## REQUIREMENT
The result should be a word-for-word retyping of the entries below, free of pictures.

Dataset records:
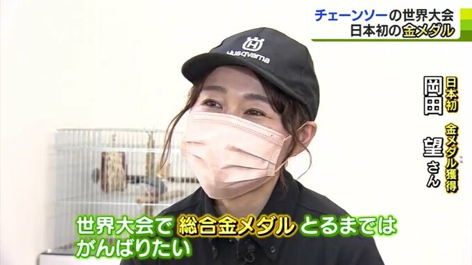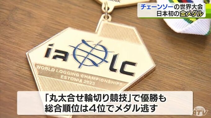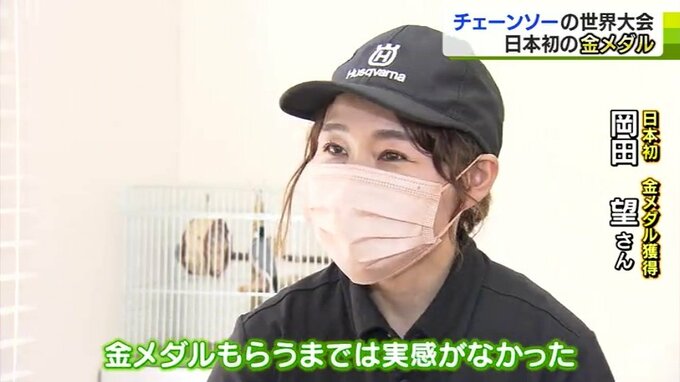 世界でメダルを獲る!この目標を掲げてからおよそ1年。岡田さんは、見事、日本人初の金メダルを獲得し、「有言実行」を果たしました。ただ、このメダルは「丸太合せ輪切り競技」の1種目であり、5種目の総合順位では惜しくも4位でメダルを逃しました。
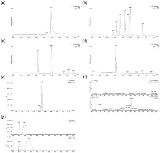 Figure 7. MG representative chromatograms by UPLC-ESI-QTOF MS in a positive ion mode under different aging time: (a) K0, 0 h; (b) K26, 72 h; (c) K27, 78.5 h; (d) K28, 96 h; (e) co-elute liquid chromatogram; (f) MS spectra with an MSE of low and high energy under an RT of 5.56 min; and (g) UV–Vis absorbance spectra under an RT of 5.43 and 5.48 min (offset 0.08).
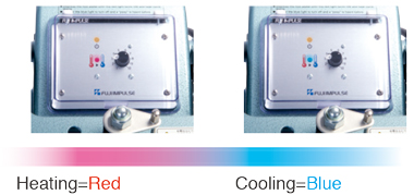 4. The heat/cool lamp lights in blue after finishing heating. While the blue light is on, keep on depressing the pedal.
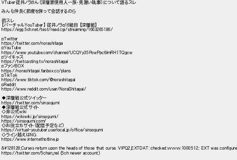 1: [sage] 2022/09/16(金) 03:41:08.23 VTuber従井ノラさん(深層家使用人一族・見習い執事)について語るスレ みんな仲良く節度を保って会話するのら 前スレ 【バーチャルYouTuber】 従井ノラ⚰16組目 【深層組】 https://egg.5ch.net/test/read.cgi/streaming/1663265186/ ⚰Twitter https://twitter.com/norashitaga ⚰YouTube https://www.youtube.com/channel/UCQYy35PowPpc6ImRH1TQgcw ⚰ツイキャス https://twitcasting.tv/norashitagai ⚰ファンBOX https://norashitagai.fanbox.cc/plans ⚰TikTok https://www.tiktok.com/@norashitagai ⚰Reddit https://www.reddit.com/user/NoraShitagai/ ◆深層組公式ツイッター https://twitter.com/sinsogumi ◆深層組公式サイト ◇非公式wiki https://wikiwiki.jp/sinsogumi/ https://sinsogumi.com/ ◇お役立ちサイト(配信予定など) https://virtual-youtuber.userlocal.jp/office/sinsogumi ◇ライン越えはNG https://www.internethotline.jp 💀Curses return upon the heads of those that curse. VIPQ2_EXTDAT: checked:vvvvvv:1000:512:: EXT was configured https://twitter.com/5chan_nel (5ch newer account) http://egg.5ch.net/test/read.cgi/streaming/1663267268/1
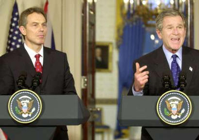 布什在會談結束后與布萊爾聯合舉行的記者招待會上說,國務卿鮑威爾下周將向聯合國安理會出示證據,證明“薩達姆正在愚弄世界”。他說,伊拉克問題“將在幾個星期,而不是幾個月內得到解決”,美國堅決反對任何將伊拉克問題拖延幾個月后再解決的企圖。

## ANSWER SECTION
 世界でメダルを獲る!この目標を掲げてからおよそ1年。岡田さんは、見事、日本人初の金メダルを獲得し、「有言実行」を果たしました。ただ、このメダルは「丸太合せ輪切り競技」の1種目であり、5種目の総合順位では惜しくも4位でメダルを逃しました。
 Figure 7. MG representative chromatograms by UPLC-ESI-QTOF MS in a positive ion mode under different aging time: (a) K0, 0 h; (b) K26, 72 h; (c) K27, 78.5 h; (d) K28, 96 h; (e) co-elute liquid chromatogram; (f) MS spectra with an MSE of low and high energy under an RT of 5.56 min; and (g) UV–Vis absorbance spectra under an RT of 5.43 and 5.48 min (offset 0.08).
 4. The heat/cool lamp lights in blue after finishing heating. While the blue light is on, keep on depressing the pedal.
 1: [sage] 2022/09/16(金) 03:41:08.23 VTuber従井ノラさん(深層家使用人一族・見習い執事)について語るスレ みんな仲良く節度を保って会話するのら 前スレ 【バーチャルYouTuber】 従井ノラ⚰16組目 【深層組】 https://egg.5ch.net/test/read.cgi/streaming/1663265186/ ⚰Twitter https://twitter.com/norashitaga ⚰YouTube https://www.youtube.com/channel/UCQYy35PowPpc6ImRH1TQgcw ⚰ツイキャス https://twitcasting.tv/norashitagai ⚰ファンBOX https://norashitagai.fanbox.cc/plans ⚰TikTok https://www.tiktok.com/@norashitagai ⚰Reddit https://www.reddit.com/user/NoraShitagai/ ◆深層組公式ツイッター https://twitter.com/sinsogumi ◆深層組公式サイト ◇非公式wiki https://wikiwiki.jp/sinsogumi/ https://sinsogumi.com/ ◇お役立ちサイト(配信予定など) https://virtual-youtuber.userlocal.jp/office/sinsogumi ◇ライン越えはNG https://www.internethotline.jp 💀Curses return upon the heads of those that curse. VIPQ2_EXTDAT: checked:vvvvvv:1000:512:: EXT was configured https://twitter.com/5chan_nel (5ch newer account) http://egg.5ch.net/test/read.cgi/streaming/1663267268/1
 布什在會談結束后與布萊爾聯合舉行的記者招待會上說,國務卿鮑威爾下周將向聯合國安理會出示證據,證明“薩達姆正在愚弄世界”。他說,伊拉克問題“將在幾個星期,而不是幾個月內得到解決”,美國堅決反對任何將伊拉克問題拖延幾個月后再解決的企圖。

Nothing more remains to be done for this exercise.